It is the Board's policy that all directors stand for election or re-election at the AGM, which accords with the UK Corporate Governance Code.
Resolutions 5 to 10 propose the re-election of the directors who have served throughout the year and retire from office at the conclusion of the AGM and, being eligible, offer themselves for re-election.
As announced on 5 November 2024, Denise Collis will retire from the Board at the conclusion of the AGM and therefore is not seeking re-election this year. The Board wishes to place on record its sincere appreciation for the significant contribution, guidance and support that Ms Collis has devoted to the Company in her nine years serving on the Board and wishes her every continuing success in her further business endeavours.
Biographical details of each of the directors standing for re-election (including a summary of why the contribution of each director is, and continues to be, important to the Company's long-term sustainable success) are set out below.
David has extensive business and listed company experience, notably in Finance, Audit and Risk. David uses his experience and knowledge to lead the Board in reviewing and approving management's plans for the development of the Company's strategy and operational and financial performance. As Chair of the Nominations Committee, David is also responsible for leading the assessment of the capabilities and skills of the executive and nonexecutive leadership, and for longer-term succession planning.
Most recently, David has been a non-executive director of Dignity plc (until June 2020), Scapa Group plc (until April 2021) and The Go-Ahead Group plc (until October 2022) where, in respect of Dignity and Scapa he served as chair of the audit committee and as a member of the Go-Ahead audit committee and, otherwise in each case, as Senior Independent Director and as a member of the nomination and remuneration committees. He was formerly Chief Financial Officer of Synthomer plc where he was employed for seven years, stepping down in 2015, prior to which he held a number of senior roles within Imperial Chemical Industries plc (ICI). David has also previously served as a member of the Cabinet Office Audit and Risk Committee and on the Board for Actuarial Standards. He is a member of the Institute of Chartered Accountants in England and Wales (ICAEW) and a Fellow of the Association of Corporate Treasurers (ACT).
None
Jonathan has broad commercial and operational leadership skills, combined with extensive experience gained within the newspaper and magazine distribution industry, experience which is critical for the long term development and execution of the Company's strategic plans.

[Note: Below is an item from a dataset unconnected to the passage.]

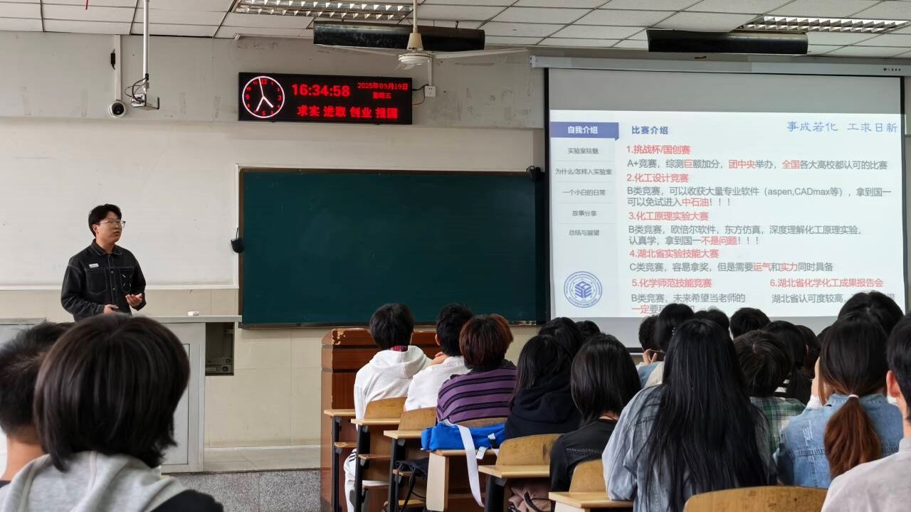 优秀学生代表白建设同学分享了科研成长历程。他以"从实验室小白到竞赛能手"为主题,详细介绍了通过文献检索训练、实验技能打磨等途径,在"挑战杯"、全国大学生化工设计竞赛中斩获佳绩的经验,鼓励同学们主动把握科研实践机会。
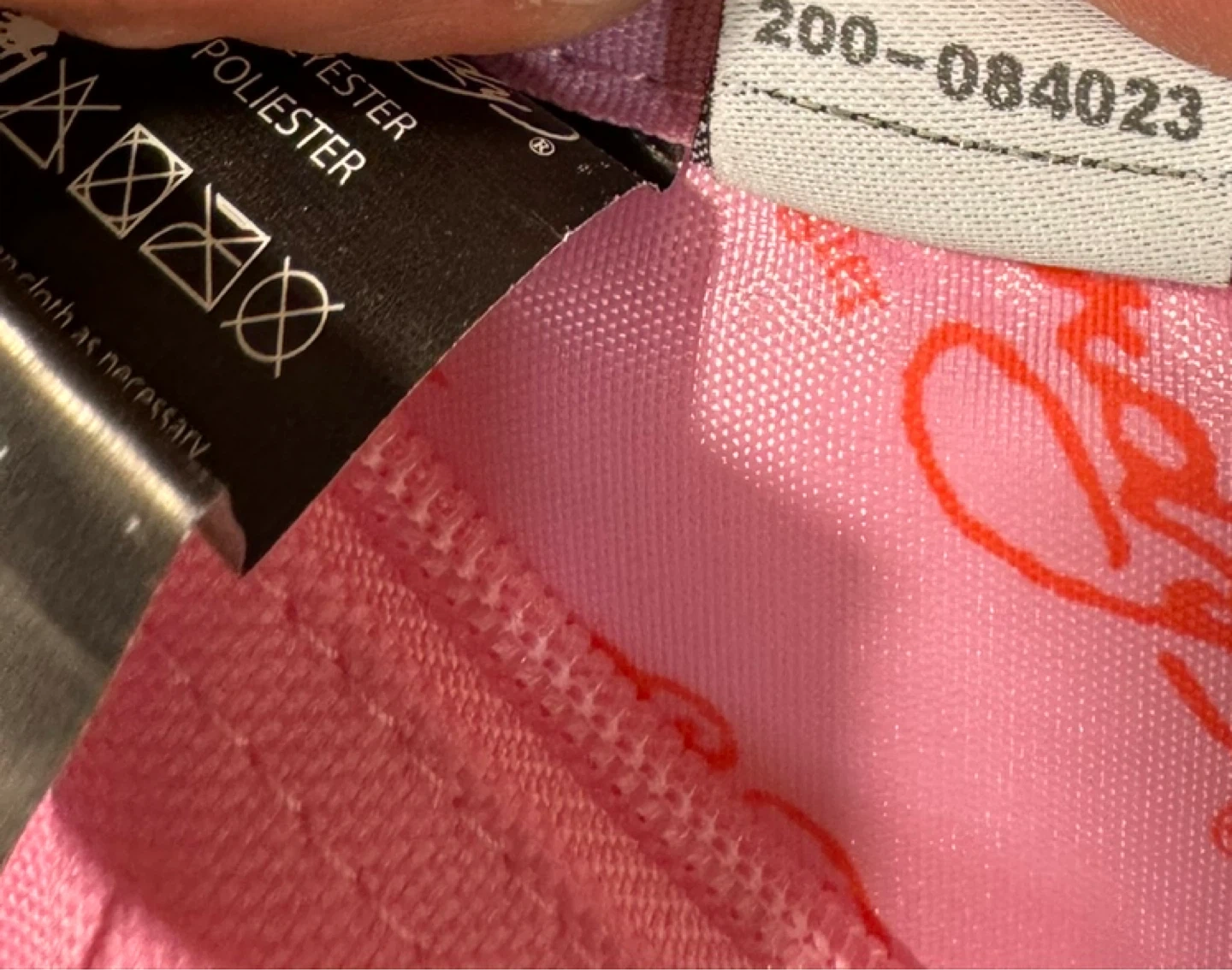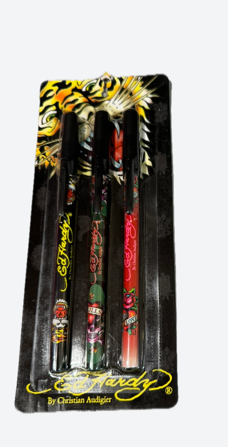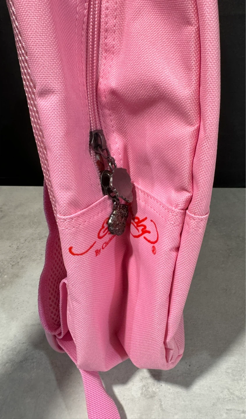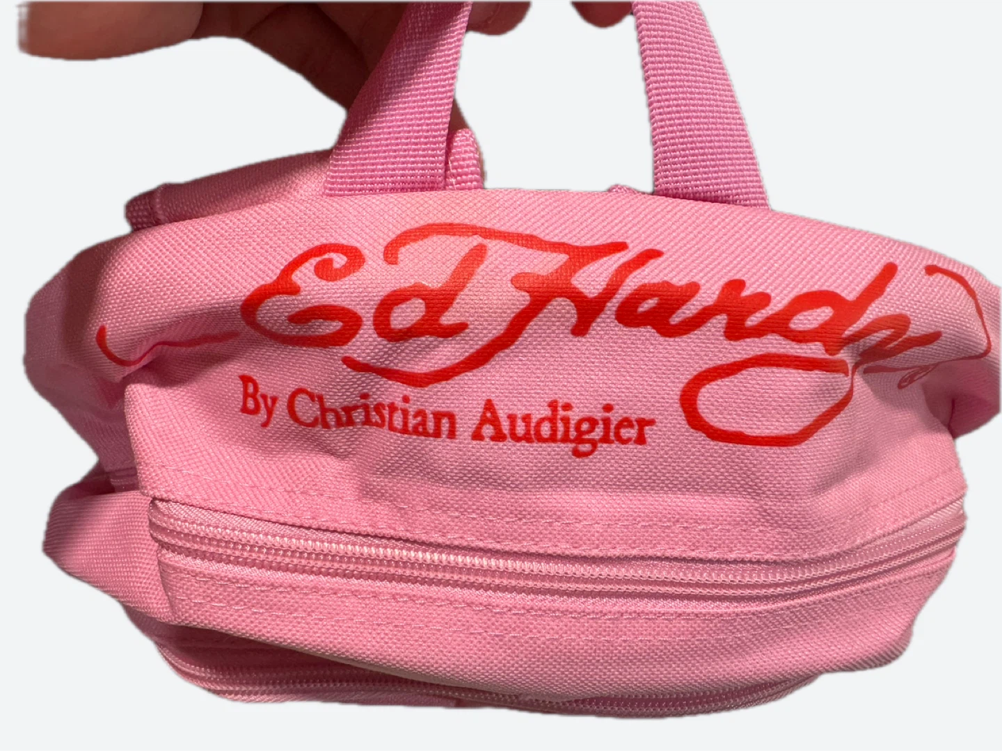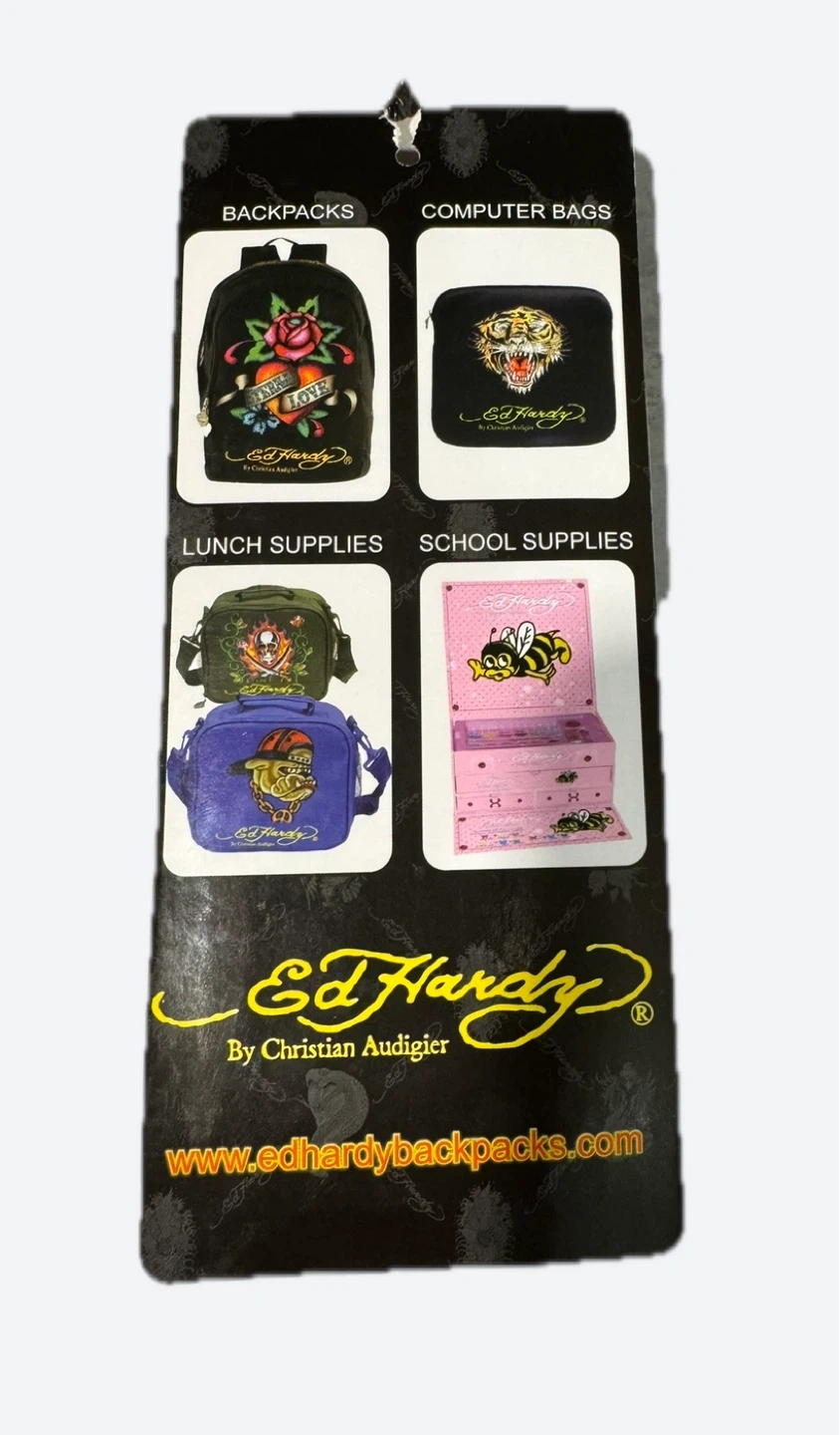 Brand new pink Ed Hardy backpack is adorned with various embroidered patches, including a tiger, bees, and stars.

Jonathan joined WH Smith News in 1994. He rose through the organisation in a variety of sales and marketing managerial roles before being promoted to the executive management team in 2001. In April 2014, Jonathan became Managing Director of the Connect News & Media division and, subsequently, Chief Operating Officer in September 2017, a position which spanned wider group business interests held at the time, together with Smiths News. Following his appointment as Interim Chief Executive Officer on 5 November 2019, this appointment was confirmed on 15 June 2020.
None
Michael possesses relevant commercial and operational experience gained within the logistics and distribution industries. With his detailed understanding of the distribution sector and its opportunities and challenges, Michael provides an independent voice and commercial sounding board in the development and execution of the Company's strategy and business ambitions.
Michael was formerly Chief Operating Officer of FedEx Express, Europe until the end of September 2018 and held a number of other senior executive roles with FedEx Corporation since 2006. Prior to that, Michael held senior executive roles at a number of leading logistics organisations including ANC Group, where he was instrumental in leading the turnaround of the business from a position of loss-making to industry leading margins and strong profit recovery prior to its successful sale to FedEx in 2006.
None
Mark has gained extensive finance and operational experience at a senior level within a number of diverse businesses. He brings recent and relevant financial expertise required to lead the Audit Committee.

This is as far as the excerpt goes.